Exercise inputs:
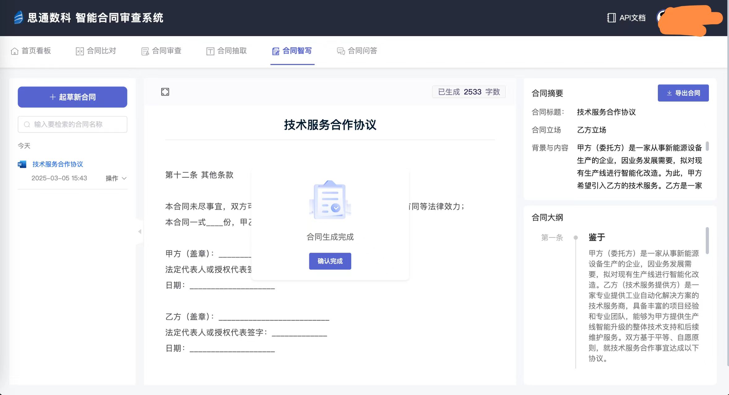 (3)场景示例: 某建筑企业上传工程合同时,系统10秒内提示“未明确不可抗力责任归属”,并关联3份类似案例的修改方案,直接规避潜在纠纷。
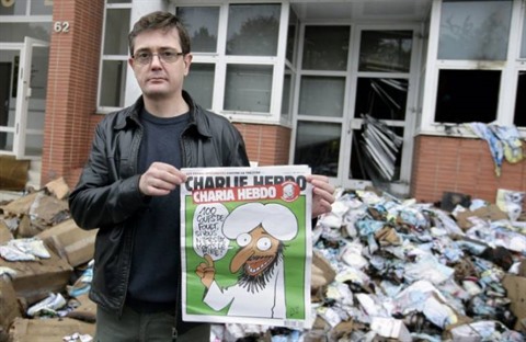 | Charb brandit le 2 novembre 2011 une édition spéciale de Charlie Hebdo, après une tentative d'incendie du siège du journal à Paris. Charb sera tué dans l'attaque de janvier 2015. |
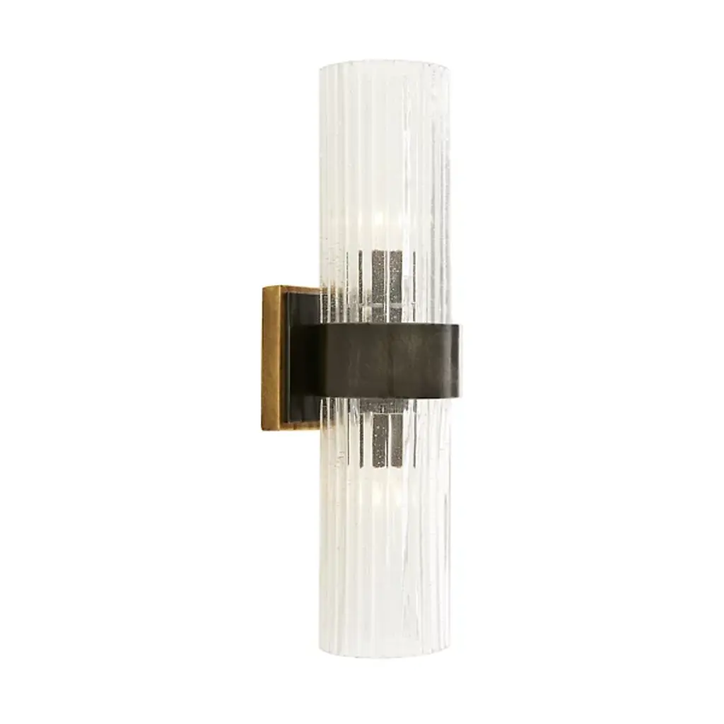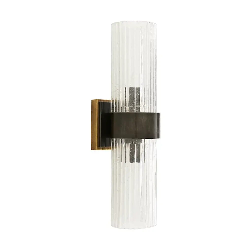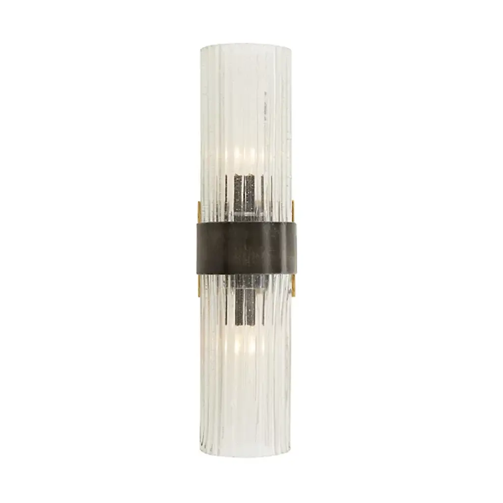Accent your wall and hallway spaces with the tasteful combination of contemporary and classic design showcased by the Hazel Wall Sconce from Arteriors. A sleek square wall plate adheres the fixture to its mounting surface, extending double-sided lamping in a linear arrangement that can be arranged vertically or horizontally depending on your decorative needs. A sleek collar of robust iron encircles the damp-rated lamping, securing a cylindrical shade of clear seeded glass with a ribbed texture around it that reduces bright glare from the sides, exchanging it for a warmer wash of ambient light.
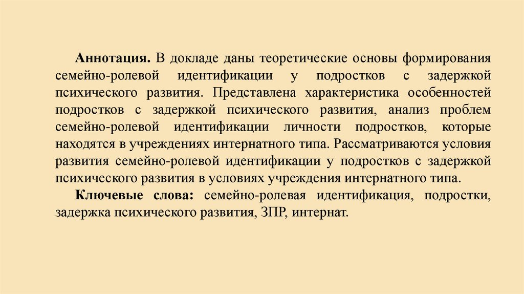 Аннотация. В докладе даны теоретические основы формированиясемейно-ролевой идентификации у подростков с задержкой
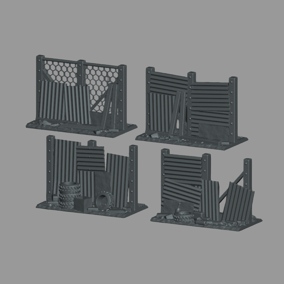 Reclaimed from the ruins of civilization, these Scrapline Defenses bring the raw, weathered look of a post-apocalyptic battlefield to your tabletop. Each barricade is crafted from corrugated steel, mesh panels, and scavenged tires, designed to look like they’ve been welded together by desperate survivors or ingenious raiders.
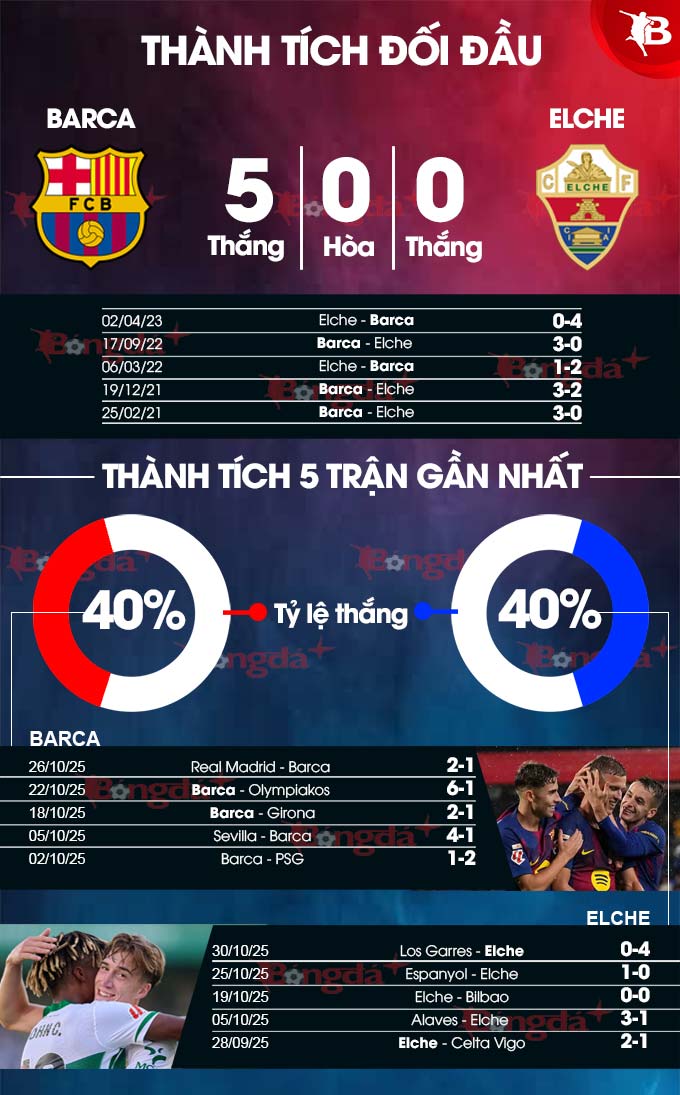 Elche cũng không xứng tầm đối thủ của Barca. Những con số thống kê chỉ ra điều đó. Cụ thể, trong 13 lần đối đầu giữa 2 đội gần đây tính trên mọi đấu trường, đội bóng xứ Catalunya áp đảo với thành tích hòa 1 và thắng 12 trận. Trong đó, ở 2 trận lượt đi và về La Liga mùa trước, Barca đều khiến Elche thua với cách biệt từ 3 bàn trở lên.
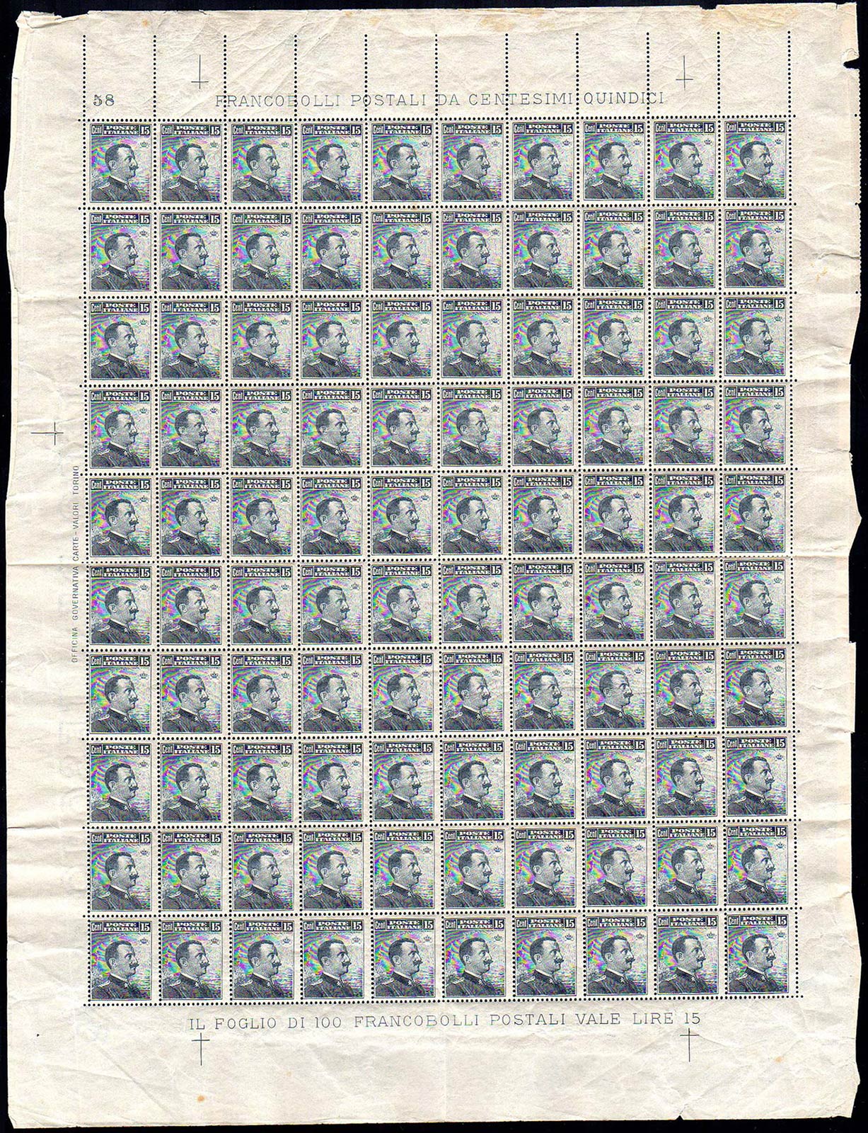 1911 - 15 cent. Michetti, III tipo (96), foglio completo di 100 esemplari, gomma integra, perfetto.
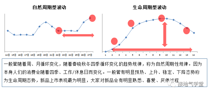 因为根本没考虑,到底是什么行业、什么产品的销售业绩。不同行业、产品的销售,在一定时间内会呈现不同的销售走势。比如吃喝玩乐类销售,往往集中在周末,会呈现以周为单位的周期性波动。比如3C类电子产品,新品上市是最火热的时候,之后会呈现逐步衰退的迹象。当销售趋势增加了时间维度后,才会呈现出规律性。
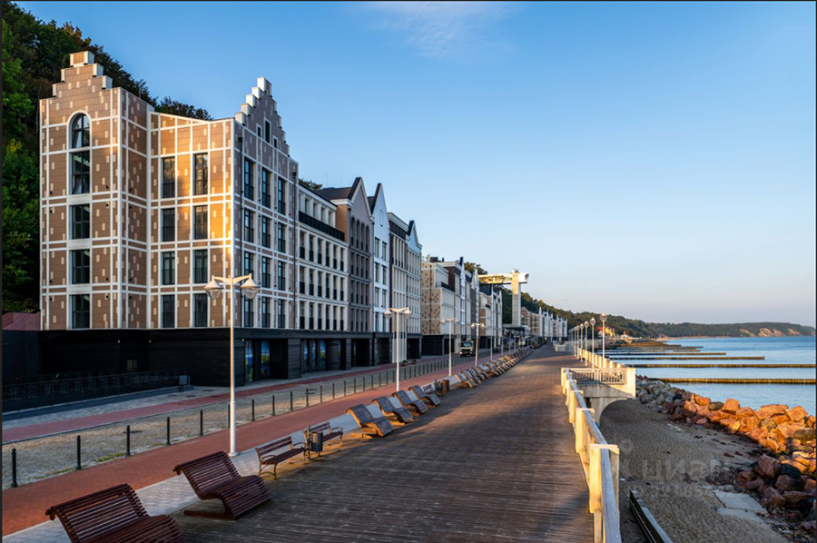 Однокомнатные апартаменты примерно той же площадью — 110,6 м² — предлагаются к покупке на последнем этаже пятиэтажки 2024 года постройки на ул. Верещагина. Комплекс «прославился» тем, что его возвели на месте бывшей одноимённой четырёхзвёздочной гостиницы. Отель «Русь», как известно, был закрыт и после снесён. Разрешение на строительство новой гостиницы на его месте правительство Калининградской области выдало в сентябре 2021 года. Ввести в эксплуатацию здание разрешили в январе 2025-го. На месте снесённого отеля строят также «Русь 2» и планируют построить ещё одну очередь зданий под названием «Русь-3», а на берегу возвести рельсовый фуникулёр. Проект получил одобрение на заседании градостроительного совета.

Action item: This task calls for an exact copy of the data above, without pictures.

Response:
 (3)场景示例: 某建筑企业上传工程合同时,系统10秒内提示“未明确不可抗力责任归属”,并关联3份类似案例的修改方案,直接规避潜在纠纷。
 | Charb brandit le 2 novembre 2011 une édition spéciale de Charlie Hebdo, après une tentative d'incendie du siège du journal à Paris. Charb sera tué dans l'attaque de janvier 2015. |
Accent your wall and hallway spaces with the tasteful combination of contemporary and classic design showcased by the Hazel Wall Sconce from Arteriors. A sleek square wall plate adheres the fixture to its mounting surface, extending double-sided lamping in a linear arrangement that can be arranged vertically or horizontally depending on your decorative needs. A sleek collar of robust iron encircles the damp-rated lamping, securing a cylindrical shade of clear seeded glass with a ribbed texture around it that reduces bright glare from the sides, exchanging it for a warmer wash of ambient light.
 Аннотация. В докладе даны теоретические основы формированиясемейно-ролевой идентификации у подростков с задержкой
 Reclaimed from the ruins of civilization, these Scrapline Defenses bring the raw, weathered look of a post-apocalyptic battlefield to your tabletop. Each barricade is crafted from corrugated steel, mesh panels, and scavenged tires, designed to look like they’ve been welded together by desperate survivors or ingenious raiders.
 Elche cũng không xứng tầm đối thủ của Barca. Những con số thống kê chỉ ra điều đó. Cụ thể, trong 13 lần đối đầu giữa 2 đội gần đây tính trên mọi đấu trường, đội bóng xứ Catalunya áp đảo với thành tích hòa 1 và thắng 12 trận. Trong đó, ở 2 trận lượt đi và về La Liga mùa trước, Barca đều khiến Elche thua với cách biệt từ 3 bàn trở lên.
 1911 - 15 cent. Michetti, III tipo (96), foglio completo di 100 esemplari, gomma integra, perfetto.
 因为根本没考虑,到底是什么行业、什么产品的销售业绩。不同行业、产品的销售,在一定时间内会呈现不同的销售走势。比如吃喝玩乐类销售,往往集中在周末,会呈现以周为单位的周期性波动。比如3C类电子产品,新品上市是最火热的时候,之后会呈现逐步衰退的迹象。当销售趋势增加了时间维度后,才会呈现出规律性。
 Однокомнатные апартаменты примерно той же площадью — 110,6 м² — предлагаются к покупке на последнем этаже пятиэтажки 2024 года постройки на ул. Верещагина. Комплекс «прославился» тем, что его возвели на месте бывшей одноимённой четырёхзвёздочной гостиницы. Отель «Русь», как известно, был закрыт и после снесён. Разрешение на строительство новой гостиницы на его месте правительство Калининградской области выдало в сентябре 2021 года. Ввести в эксплуатацию здание разрешили в январе 2025-го. На месте снесённого отеля строят также «Русь 2» и планируют построить ещё одну очередь зданий под названием «Русь-3», а на берегу возвести рельсовый фуникулёр. Проект получил одобрение на заседании градостроительного совета.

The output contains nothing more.